* Required work
Below is a listing; restate from it, character for character, the lines beginning at the line holding "Si no necesita" and ending at the line holding "Стильный песочник для", both included.

* Task data
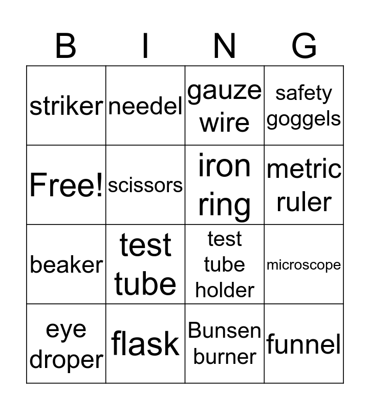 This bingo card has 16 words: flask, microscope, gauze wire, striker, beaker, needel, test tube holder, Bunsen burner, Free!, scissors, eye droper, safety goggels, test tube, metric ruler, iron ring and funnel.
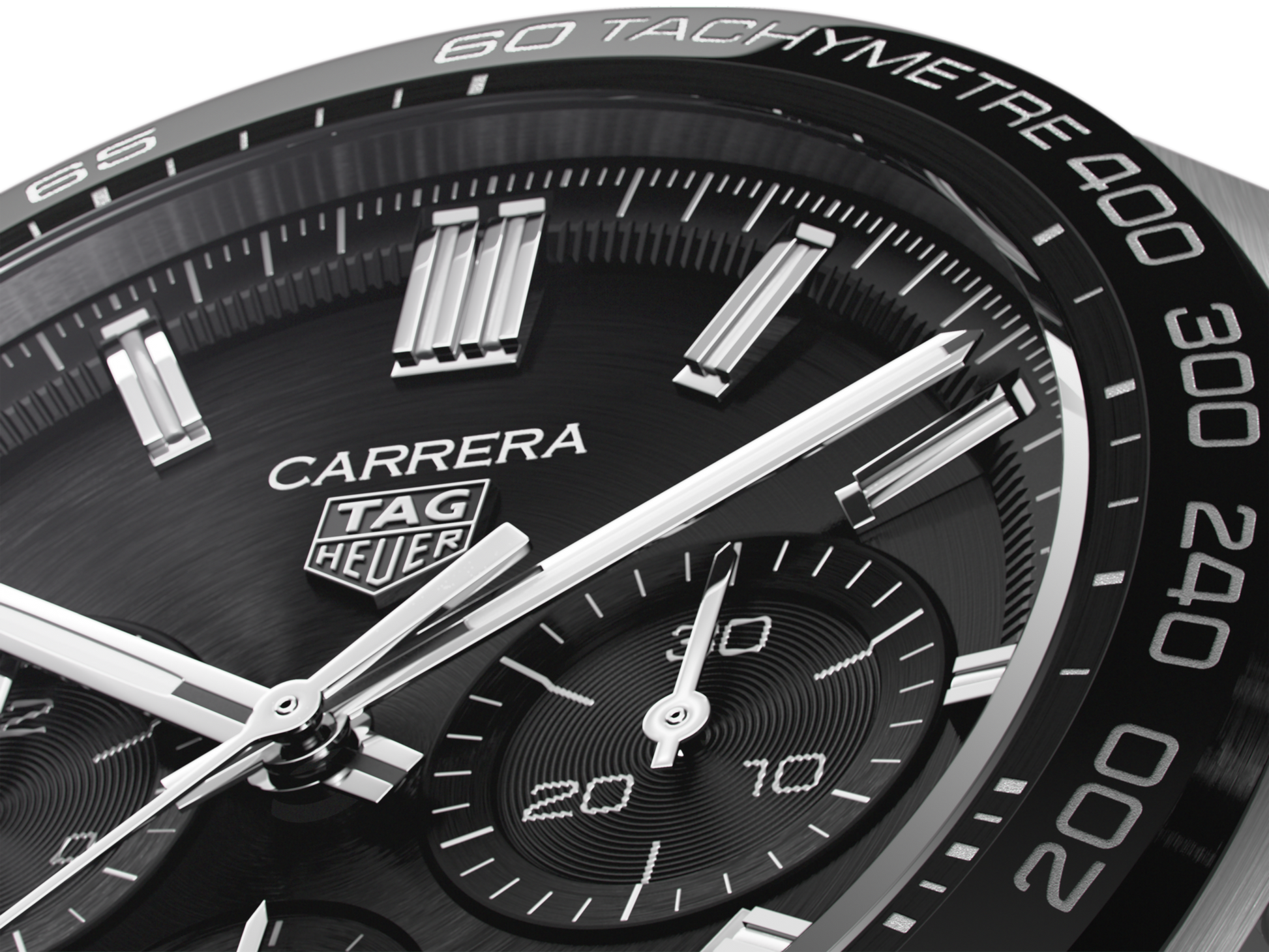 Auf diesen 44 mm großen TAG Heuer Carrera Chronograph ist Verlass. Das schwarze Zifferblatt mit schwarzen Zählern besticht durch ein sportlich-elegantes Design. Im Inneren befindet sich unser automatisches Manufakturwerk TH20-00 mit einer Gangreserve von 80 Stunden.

--

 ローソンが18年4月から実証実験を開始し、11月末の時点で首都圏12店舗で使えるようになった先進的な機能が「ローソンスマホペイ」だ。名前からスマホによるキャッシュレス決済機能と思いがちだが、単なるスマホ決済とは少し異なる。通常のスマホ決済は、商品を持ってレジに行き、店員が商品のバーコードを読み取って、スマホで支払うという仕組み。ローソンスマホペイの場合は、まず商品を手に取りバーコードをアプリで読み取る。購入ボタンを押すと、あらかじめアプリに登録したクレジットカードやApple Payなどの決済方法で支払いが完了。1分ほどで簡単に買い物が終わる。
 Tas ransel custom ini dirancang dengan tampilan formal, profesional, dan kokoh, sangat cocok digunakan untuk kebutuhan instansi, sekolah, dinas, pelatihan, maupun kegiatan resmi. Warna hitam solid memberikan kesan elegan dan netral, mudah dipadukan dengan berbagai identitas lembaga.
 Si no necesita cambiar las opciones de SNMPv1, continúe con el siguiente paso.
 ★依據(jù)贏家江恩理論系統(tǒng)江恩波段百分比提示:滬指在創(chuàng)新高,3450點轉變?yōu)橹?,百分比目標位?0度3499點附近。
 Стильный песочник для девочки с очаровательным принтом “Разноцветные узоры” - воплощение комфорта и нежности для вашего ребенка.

...

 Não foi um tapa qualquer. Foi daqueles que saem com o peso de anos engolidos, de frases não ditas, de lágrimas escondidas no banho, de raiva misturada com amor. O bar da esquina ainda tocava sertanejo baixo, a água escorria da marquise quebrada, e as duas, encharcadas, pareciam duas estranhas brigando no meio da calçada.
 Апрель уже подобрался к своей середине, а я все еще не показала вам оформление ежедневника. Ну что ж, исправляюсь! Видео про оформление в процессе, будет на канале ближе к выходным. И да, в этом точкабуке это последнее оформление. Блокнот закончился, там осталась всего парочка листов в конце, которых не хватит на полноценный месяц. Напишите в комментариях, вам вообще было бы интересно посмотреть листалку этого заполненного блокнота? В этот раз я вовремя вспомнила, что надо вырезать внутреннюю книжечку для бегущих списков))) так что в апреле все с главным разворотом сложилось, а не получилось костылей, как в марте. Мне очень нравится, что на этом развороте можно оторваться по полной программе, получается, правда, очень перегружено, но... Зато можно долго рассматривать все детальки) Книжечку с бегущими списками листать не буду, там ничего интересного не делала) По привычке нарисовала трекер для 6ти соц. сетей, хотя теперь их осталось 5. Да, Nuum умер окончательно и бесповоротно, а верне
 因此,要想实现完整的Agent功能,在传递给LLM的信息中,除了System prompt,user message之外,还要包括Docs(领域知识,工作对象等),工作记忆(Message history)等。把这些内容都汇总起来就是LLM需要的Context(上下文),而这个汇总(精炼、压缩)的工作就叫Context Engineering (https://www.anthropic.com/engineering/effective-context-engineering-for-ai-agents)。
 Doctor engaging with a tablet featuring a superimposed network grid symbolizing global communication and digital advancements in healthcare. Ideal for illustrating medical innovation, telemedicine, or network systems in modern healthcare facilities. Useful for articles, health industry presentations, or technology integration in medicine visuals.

* Exercise result
 Si no necesita cambiar las opciones de SNMPv1, continúe con el siguiente paso.
 ★依據(jù)贏家江恩理論系統(tǒng)江恩波段百分比提示:滬指在創(chuàng)新高,3450點轉變?yōu)橹?,百分比目標位?0度3499點附近。
 Стильный песочник для девочки с очаровательным принтом “Разноцветные узоры” - воплощение комфорта и нежности для вашего ребенка.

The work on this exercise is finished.